Transformers That Never Stop Learning: A Deep Dive into Online Continual Learning

Introduction: The Challenge of a Constantly Changing World

Most machine learning models today are trained on static datasets—like ImageNet or Wikipedia—and then deployed as fixed systems. This setup relies on the i.i.d. assumption: the belief that real-world data will resemble the training data. But in reality, our world is dynamic and ever-changing. Stock prices fluctuate by the second, language evolves constantly, and a self-driving car’s camera never sees the same scene twice.

A model trained on last year’s data may lose relevance within weeks. This is where online continual learning comes in—a paradigm designed for continuous, sequential learning. Here, a model receives data one example at a time, learns from each instance on the fly, and continuously adapts. The goal is to minimize cumulative error across the entire sequence, effectively learning and improving throughout its lifetime.

Transformers have revolutionized deep learning for sequential data such as text and audio, even proving useful beyond sequences, in tasks like image classification. Their ability to perform in-context learning—learning new tasks within their input context—makes them remarkably flexible. But can these properties be extended to the domain of online continual learning?

The research paper Transformers for Supervised Online Continual Learning explores exactly that. The authors propose a hybrid method that fuses the Transformer’s fast in-context adaptability with the gradual, long-term improvement of gradient-based training. Their results achieve strong gains on a complex, realistic benchmark, highlighting how Transformers can “never stop learning.”

Background: Two Modes of Learning

To appreciate the core idea behind this study, it’s helpful to first understand the mechanics of online continual learning and the dual nature of Transformer learning.

Online Continual Learning: Learning on the Go

Imagine a continuous sequence of data points \((x_1, y_1), (x_2, y_2), \dots, (x_T, y_T)\). At each time step \(t\), the model must:

Receive an input \(x_t\)
Make a prediction \(\hat{y}_t\)
Observe the true label \(y_t\)
Compute a loss based on this prediction
Update its parameters before moving to \(x_{t+1}\)

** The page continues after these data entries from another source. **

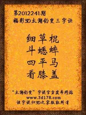 福彩3D第12241期太湖字谜:细草棍,斗蟋蟀,四平马,看膝盖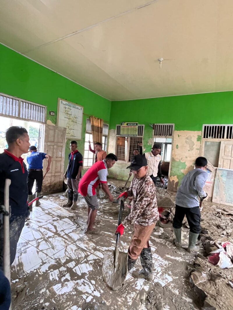 Saat ditunggu percepatan pemulihan, justru tenaga kesehatan lintas puskesmas yang turun langsung membersihkan sisa bencana.
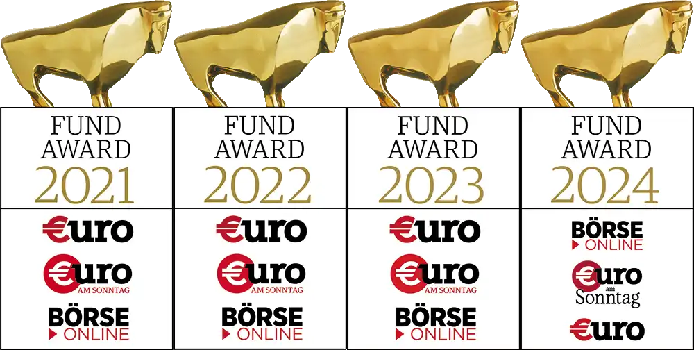 Mit den €uro-FundAwards zeichnet der Finanzen Verlag regelmäßig die besten Fonds der vergangenen ein, drei, fünf, zehn und 20 Jahre aus. Unser Fonds wurde zum vierten Mal in Folge mit dem Fund Award von €uro in folgenden Kategorien ausgezeichnet: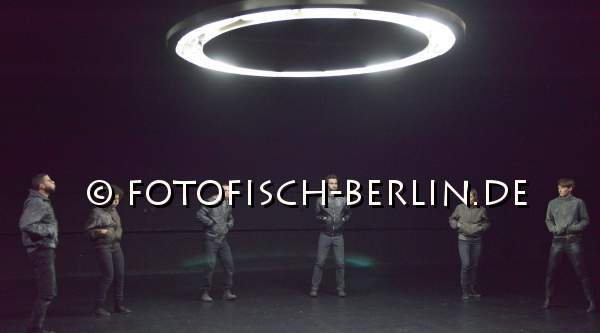 Ort: Hebbel am Ufer, hau 2. Kat Valastur. Titel: Ah! Oh! A Contemporary Ritual. Premiere: 5.12.2014. Konzept, Choreografie: Kat Valastur. Licht: Martin Beeretz. Kostueme: Lydia Sonderegger. Tanz: Sahar Levi, Leyla Postalcioglu, Annegret Schalke, Romain Thibaud-Rose, Enrico Ticconi, Marysia Zimpel Im Bild: Ensemble

Unlike classical training, the model doesn’t revisit past data. It must adapt to new information while maintaining previously acquired knowledge. This approach directly measures how well the model minimizes the cumulative prediction error, rewarding fast adaptation and resilience to catastrophic forgetting—the tendency of neural networks to forget old information when learning new tasks.

Transformers: In-Context vs. In-Weight Learning

Transformers excel in sequence modeling thanks to their attention mechanism, which selectively focuses on relevant tokens when processing context. This mechanism naturally enables in-context learning—temporary learning based on inputs. For instance, a pre-trained Transformer can perform English-to-French translation instantly when shown a few example pairs, without updating its parameters.

This transient capability contrasts with in-weight learning, the slower, parametric learning achieved through gradient descent over many examples. In-weight learning stores general knowledge in the model parameters, while in-context learning relies on active context representations.

The goal of the research is to combine these two learning modes:

In-context learning: Rapid adaptation to short-term changes.
In-weight learning: Long-term consolidation and stability through continuous gradient updates.

The Core Method: A Hybrid Transformer Learner

The proposed method modifies the Transformer to learn online, simultaneously using in-context conditioning and weight updates via gradient descent. The authors explore two main architectural variants geared toward sequential supervised prediction.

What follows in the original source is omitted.